The obvious fix I tried is to just acquire the GIL before this code is running
which fixes the crash but the `KeyboardInterrupt` we want to raise immediately
is actually just queued and would only be raised once the next line of input has
been parsed (which e.g. won't interrupt Python code that is currently waiting on
a timer or IO from what I can see). Also none of the functions we call here is
marked as safe to be called from a signal handler from what I can see, so we
might still end up crashing here with some bad timing.

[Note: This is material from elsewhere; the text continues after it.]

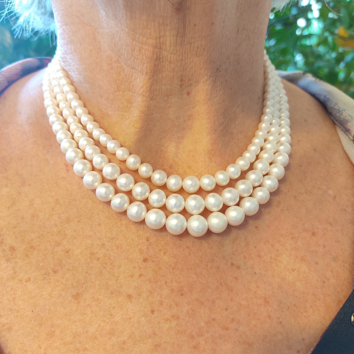 Collier de perles d'eau douce "en chute". Perles de diamètre 3 à 10 mm.
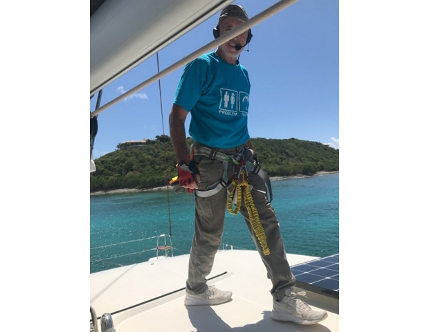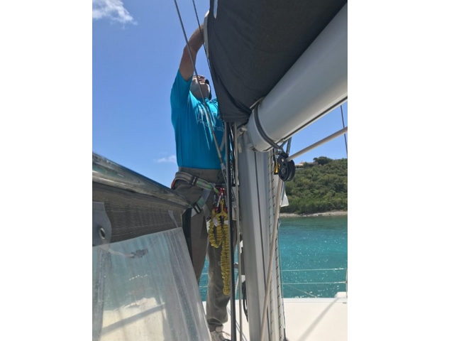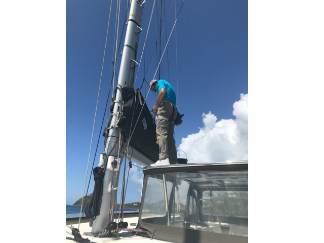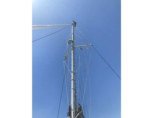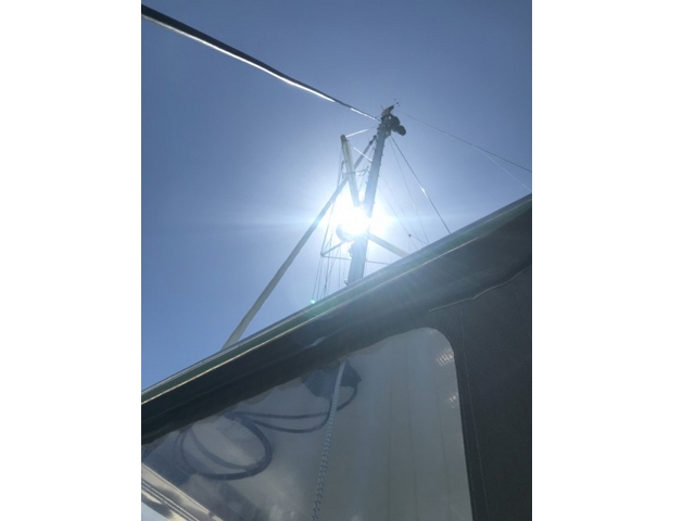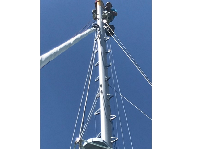 Dann steige ich in den Mast – nach der Atlantik-Querung alles kontrollieren und das Strobe-Licht richten, das funkelt nach unten, da ist was kaputt. Am Ende mache ich es nur provisorisch, da muss ich bei der nächsten Besteigung einen Masseklebstoff mitnehmen..

Python 3.2 introduced `PyErr_SetInterrupt` to solve this and the function takes
care of all the details and avoids doing anything that isn't safe to do inside a
signal handler. The only thing we need to do is to manually setup our own fake
SIGINT handler that behaves the same way as the standalone Python REPL signal
handler (which raises a KeyboardInterrupt).

>From what I understand the old code used to work with Python 2 so I kept the old
code around until we officially drop support for Python 2.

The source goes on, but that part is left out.